11am: We have a little break and then I’ll go and catch up on bookwork or marketing and admin tasks. I spend quite a bit of time maintaining my website and dealing with emails because when you export that’s how you communicate mostly. I was one of the first people in my industry to have a website 20 years ago, and that’s brought clients to me.

I wouldn’t have known where to go in Thailand, for example, to look for buyers for my embryos and live cattle. I’ve always been big on marketing … as a small producer you need to have a niche and a product you can differentiate because you’re never going to be able to compete head on with people who have 1000-2000 breeding animals. I’m always looking for additional revenue sources and ways to add value. Selling genetics is an excellent way to do this because you’re collecting semen and embryos from animals that you already have, you don’t have to have more animals to do it.

Exporting genetics involves a lot of planning – it can take years to organise. You have to make sure that there’s an established protocol between both countries for a start, so that they’ll accept your embryos or semen. Your cows need to be transported to a licensed collection centre; there are health checks and quarantine and vet fees. Collecting for a foreign market costs a minimum of $7000, so you also want to make sure that the person you’re doing it for is going to come through with the goods and pay for it! I also do a lot of planning for shows.

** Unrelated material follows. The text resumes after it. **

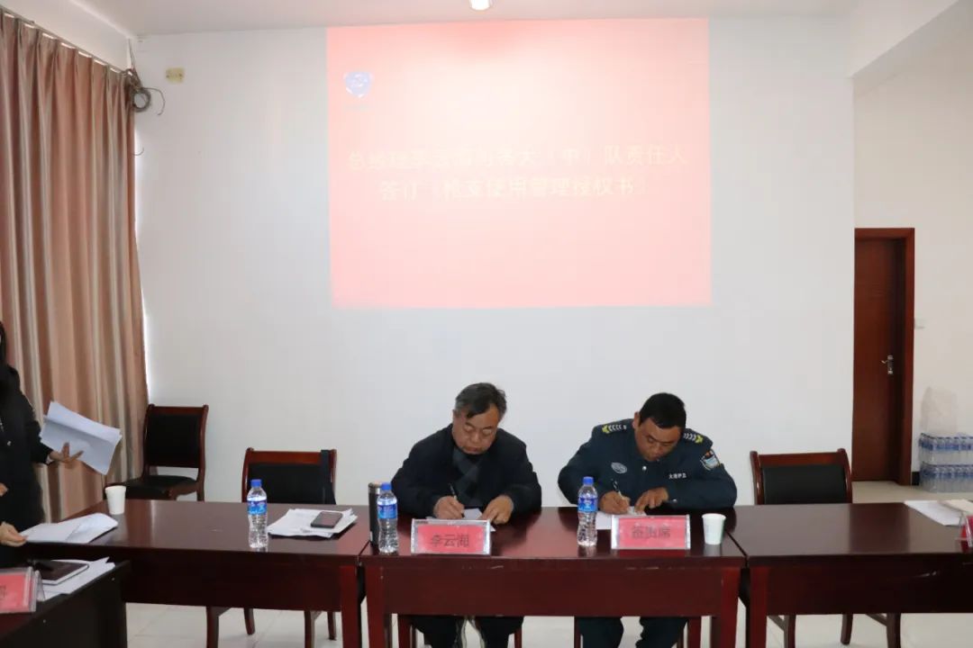 隨后,公司負(fù)責(zé)人與各大(中)隊(duì)責(zé)任人簽訂2024年度《槍支使用管理授權(quán)書》《槍支管理責(zé)任狀》《駕駛員安全責(zé)任狀》。
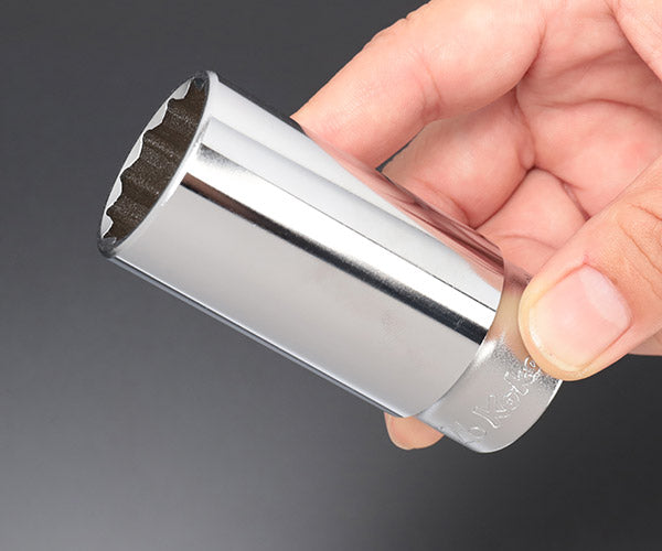 [フラットドライブ] 接触部の角を傷めない面接触形状は、ボルト/ナットに接する開口部と、ハンドル類との接合部となる四角の差込角の両方に採用。ボルト/ナットの角を傷めないのはもちろん、ソケットにかかる応力が分散されるため、耐荷重性もアップしています。

I attend about five or six a year. You also have to plan these a long time in advance because you need to present specific animals that meet the criteria for the classes they’ll compete in. Royal Shows are the most time consuming because you’re there for four to seven days, and need to take all the feed for your cattle and organise your helpers.

Avoiding the heat

1pm: After lunch, it’s the hottest part of the day, so we’ll do stuff like maintenance or sorting out feed, cleaning out the troughs or the tool shed, fixing up halters, all those kinds of things – jobs that don’t involve livestock. And when you have a farm there’s always something that needs fixing, always!

4pm: When it’s cooler, I go back and check the water and make sure the cattle have feed and if we’re moving stock around, make sure the gates are closed. I may need to mow the lawns or slash the paddocks. And I check on the dogs – I breed chocolate Labradors and have two litters at the moment. For the eight weeks, the puppies are here I have to be here all the time too because they need feeding three times a day. It’s just an aside, not a major income source for me. I like breeding animals – I love genetics, so it’s just a natural extension of what I do.

7pm: I normally wait until it’s dark to stop work and eat. My husband sometimes cooks on the weekend but in the week, he’s commuting to Brisbane. We work from dawn to dusk. The cows aren’t 9-to-5, and nor are we.